Consiglieri di minoranza di Gazzada diffamati dai manifesti, l’imputato chiede la messa alla prova
I fatti si riferiscono ad uno stampato che recava contenuti allegorici ritenuti gravemente offensivi dalle parti offese. Il caso tornerà in aula in autunno
Per i manifesti offensivi rivolti a tre consiglieri comunali di minoranza di Gazzada Schianno si è celebrata oggi, 10 aprile, l’udienza a porte chiuse in tribunale a Varese dove il giudice monocratico, a fronte della promessa di un risarcimento da parte dell’imputato, ha accolto in via preventiva la richiesta di “messa alla prova”, procedimento che, se va a buon fine il programma trattamentale, estingue il reato.
Il caso si riferisce a quanto avvenuto nel paese alle porte di Varese nel marzo di due anni fa, quando cioè i carabinieri della stazione di Azzate ricevettero la denuncia di tre consiglieri comunali di minoranza (Alfonso Minonzio, Francesco Bosco e Stefano Frattini oltre ad una quarta persona) i cui nomi erano desumibili da uno scritto che negli atti di querela viene definito “allegorico” ma che i querelanti hanno denutrito come profondamente lesivo della loro onorabilità.
Un fatto come tanti nelle aule di giustizia, un reato (diffamazione aggravata a mezzo stampa) con una pena non eccessivamente elevata. Peccato che per un ambiente iper locale come un Comune di poche migliaia di residenti, il fatto abbia avuto un’eco enorme, anche perché il soggetto denunciato venne riconosciuto con una certa facilità dalle indagini lampo dei carabinieri che acquisirono le telecamere che inquadrarono targa del sospettato, e pure il suo volto. Lo scritto riportava i nomi di alcuni dei soggetti diffamati, e permetteva di risalire a tutte le persone citate nello scritto che conteneva volgarità, e fatti personali.

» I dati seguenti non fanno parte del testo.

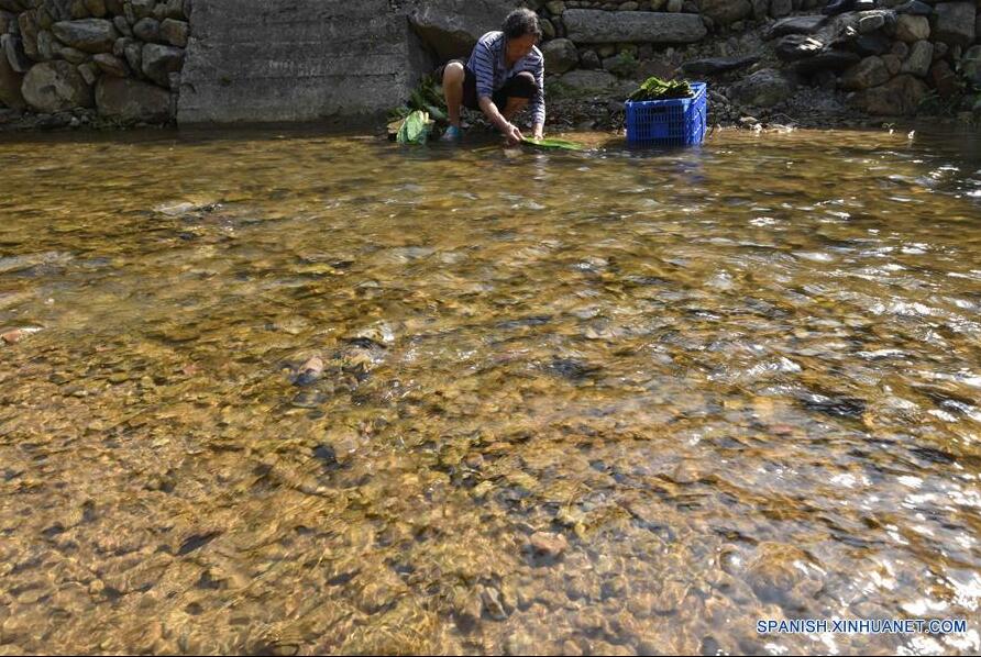 GUIZHOU, 4 junio, 2019 (Xinhua) -- Una residente limpia hojas para elaborar Zongzi, un plato en forma de pirámide elaborado con arroz glutinoso enrollado con hojas de bambú o de ca?a, en la villa de Yangxi del municipio de Maoping, distrito de Jinping, en la prefectura autónoma de las etnias miao y dong de Qiandongnan, provincia de Guizhou, en el suroeste de China, el 4 de junio de 2019. Diversas actividades se llevan a cabo en todo el país para celebrar el próximo Festival del Bote del Dragón, que cae el 7 de junio este a?o. (Xinhua/Yang Xiaohai)

Il “caso“ venne alla luce durante un consiglio comunale nel quale venne prima denunciato “politicamente” il fatto, e dunque messo a conoscenza dell’opinione pubblica; e in un secondo momento venne esteso in denuncia. I militari in seguito alle indagini verbalizzarono quanto affermò il sospettato che fu uno dei primi atti dell’azione penale che hanno portato all’udienza di oggi, trattata in camera di consiglio dove le parti hanno avuto un confronto: gli avvocati Veronica Ligorio, Fabio Bascialla e Stefano Borsotti, legali delle quattro persone offese hanno interagito col collega Andrea Febbraro per arrivare alla conclusione di una proposta di messa alla prova accettata in via provvisoria. Con la “map“ avviene la sospensione del procedimento, e l’imputato viene affidato all’ufficio di esecuzione penale esterna per lo svolgimento di un programma di trattamento che prevede come attività obbligatoria e gratuita, l’esecuzione di un lavoro di pubblica utilità in favore della collettività che può essere svolto presso istituzioni pubbliche, enti e organizzazioni di assistenza sociale, sanitaria e di volontariato.
La misura può essere concessa dal giudice per reati puniti con la reclusione fino a sei anni, sola, congiunta o alternativa alla pena pecuniaria e per non più di una sola volta, o per una seconda, in relazione a illeciti commessi anteriormente al primo provvedimento di sospensione. È esclusa l’applicazione ai contravventori e delinquenti abituali, professionali e per tendenza. La prossima udienza il 6 di novembre.
A margine della camera di consiglio, Alfonso Minonzio e Stefano Frattini, due delle parti offese intrattenendosi con la stampa hanno fatto sapere che la somma che otterranno (se la procedura andrà per il verso giusto) verrà devoluta in beneficenza: «Non ci interessano i soldi in questa vicenda, ma soprattutto il ripristino della nostra onorabilità e la piena consapevolezza da parte dell’imputato dell’errore che ha commesso». L’istituto giuridico della “messa alla prova per adulti” prevede, inoltre, che l’imputato svolga attività riparative, volte all’eliminazione delle conseguenze dannose o pericolose derivanti dal reato, attività di risarcimento del danno dallo stesso cagionato e, ove possibile, attività di mediazione con la vittima del reato.